Work request>
Keep the images out and set the listing below down word for word.

Provided material>
>>>

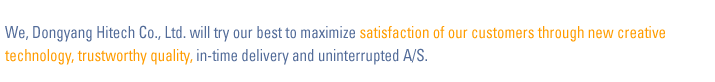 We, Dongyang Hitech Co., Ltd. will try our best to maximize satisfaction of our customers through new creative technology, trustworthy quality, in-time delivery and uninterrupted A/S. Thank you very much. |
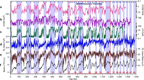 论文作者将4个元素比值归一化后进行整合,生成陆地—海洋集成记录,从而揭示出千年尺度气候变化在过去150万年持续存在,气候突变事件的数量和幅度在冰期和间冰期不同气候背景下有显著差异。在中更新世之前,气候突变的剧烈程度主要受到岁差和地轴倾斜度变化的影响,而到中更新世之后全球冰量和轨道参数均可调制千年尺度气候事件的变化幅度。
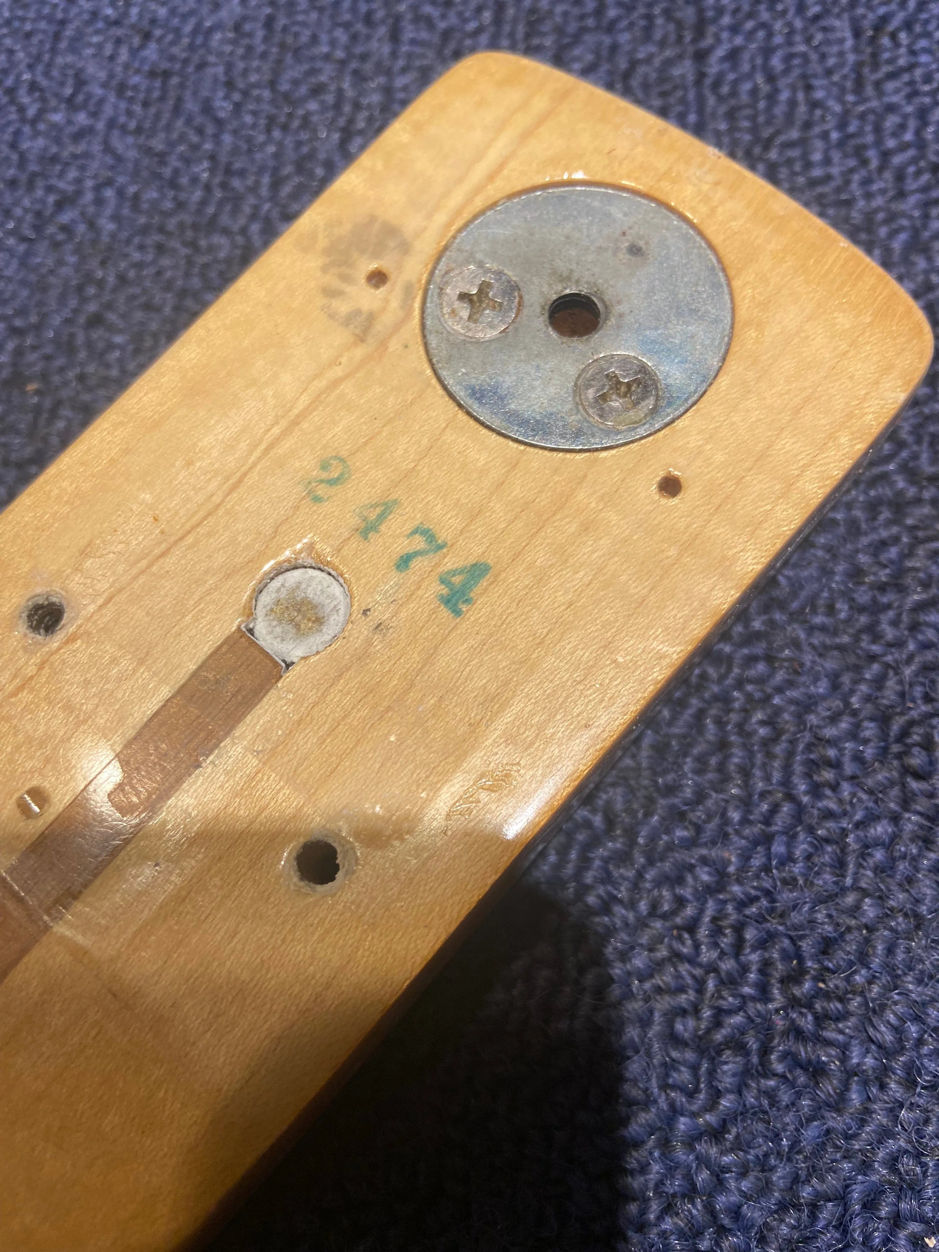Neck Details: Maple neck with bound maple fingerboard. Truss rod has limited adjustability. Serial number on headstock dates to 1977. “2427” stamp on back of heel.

<<<

Expected answer>
 We, Dongyang Hitech Co., Ltd. will try our best to maximize satisfaction of our customers through new creative technology, trustworthy quality, in-time delivery and uninterrupted A/S. Thank you very much. |
 论文作者将4个元素比值归一化后进行整合,生成陆地—海洋集成记录,从而揭示出千年尺度气候变化在过去150万年持续存在,气候突变事件的数量和幅度在冰期和间冰期不同气候背景下有显著差异。在中更新世之前,气候突变的剧烈程度主要受到岁差和地轴倾斜度变化的影响,而到中更新世之后全球冰量和轨道参数均可调制千年尺度气候事件的变化幅度。
Neck Details: Maple neck with bound maple fingerboard. Truss rod has limited adjustability. Serial number on headstock dates to 1977. “2427” stamp on back of heel.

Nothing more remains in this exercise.